March 7, 2011 by MSI

Over the past several years, due primarily to the economic conditions in the U.S., individuals have struggled to maintain or improve their credit scores, which are critical to their ability to make large purchases, especially homes and automobiles. Unemployment, reduced wages and eliminated bonuses, variable mortgages and increasing costs of consumable products have all added additional pressures to individuals and, for many, their credit scores have been impacted as a result.

So, what really is a credit score? It’s a number that represents an individual’s likelihood of repaying his or her debts. Banks and credit card companies use this score to evaluate their risk and, then as a result of that evaluation, they make the determination of whether or not to lend the money and at which interest rate. The most commonly used credit score in the U.S. is the FICOÒ score, which ranges from 300 to 850 and is determined by statistical calculations. While FICO will not release their exact formulas or the specific weights for each category behind their score, the have offered the following general overview:

  • 35 percent of the score comes from the payment history
  • 30 percent is derived from credit utilization
  • 15 percent is impacted by the individual’s length of credit history
  • 10 percent comes from the type of credit used
  • And, 10 percent is determined by the recent searches or credit inquiries

Other occurrences which may have a significant negative impact on credit score are any monies owed, especially recently, because of a lien or court judgment and having one or more consumer finance credit accounts.

According to FICO, the median credit score in the U.S. is 723, with 60 percent of all scores falling between 650 and 799. Of course, a variation in credit score can significantly impact an individual’s ability to purchase a new home in terms of affordability due to the interest rate. An example provided by FICO demonstrates the impact.

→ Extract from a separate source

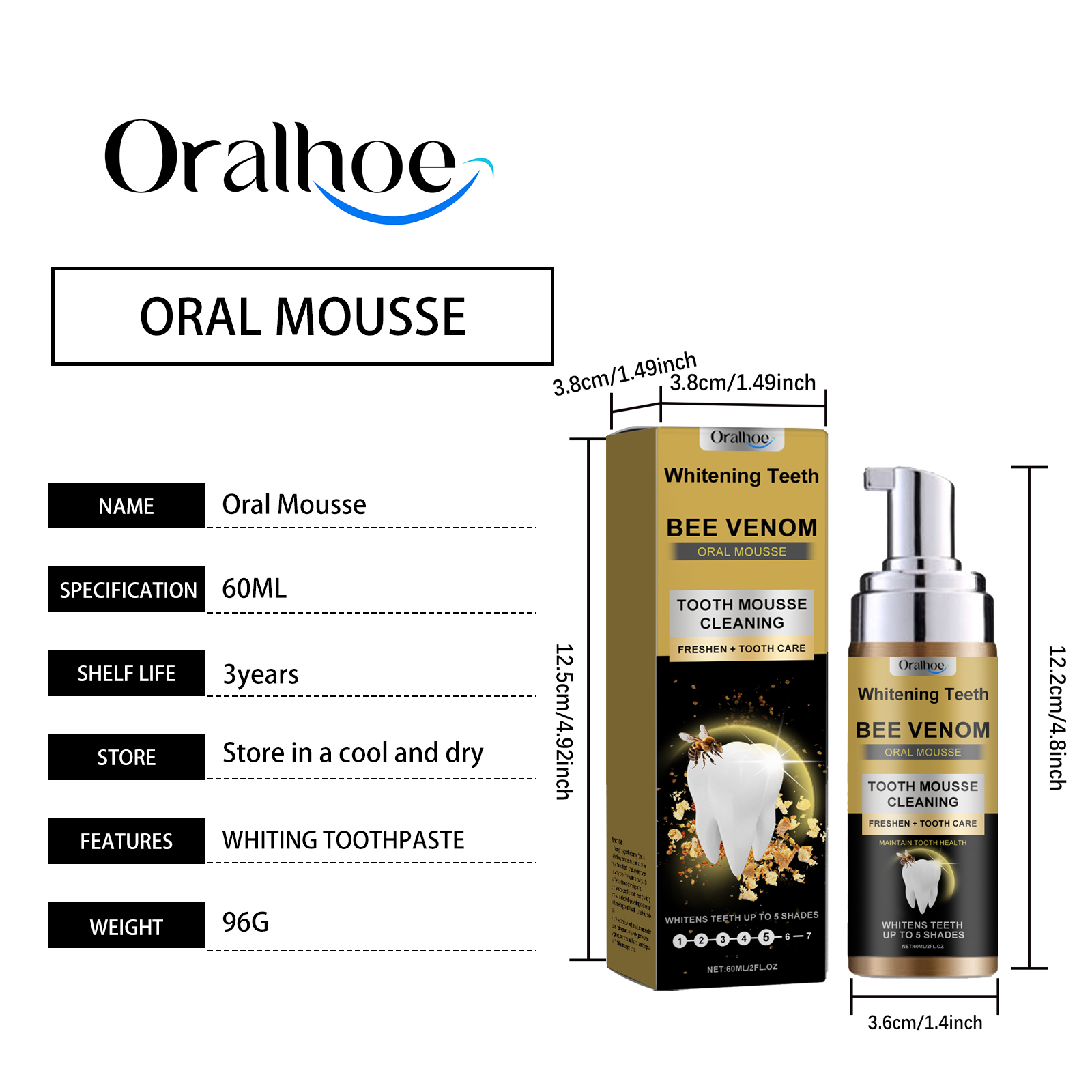 Our dental mousse contains sodium lauryl sulfate, 1, 2-hexadiol. It protects tooth enamel from acid attack and enhances tooth protection. Its use is very simple: take an appropriate amount of this product on the toothbrush, brush gently for 3 minutes with the correct brushing method, and rinse your mouth thoroughly with water. It can effectively remove the macula and stains on the surface of the teeth, promote dental health, and maintain oral hygiene.

For a 30-year fixed mortgage of $300,000 an individual with a credit score of 760 to 850 would potentially receive an interest rate of 4.645 percent, equating to a monthly payment of $1,546, while someone with a credit score of 620 to 639 would comparably receive an interest rate of 6.234 percent and have a monthly mortgage payment of $1,844. That is a difference of $298 per month and, over the life of a 30-year loan, it adds up to an astounding $107,280. And, remember, this is based on a $300,000 mortgage.

Credit scores are critical for consumers and especially potential home buyers, so it’s important that individuals understand where they stand and the specific influencers so that they can continuously work on improving their credit. It’s also important for companies to understand this potential challenge as it relates to their relocating employees.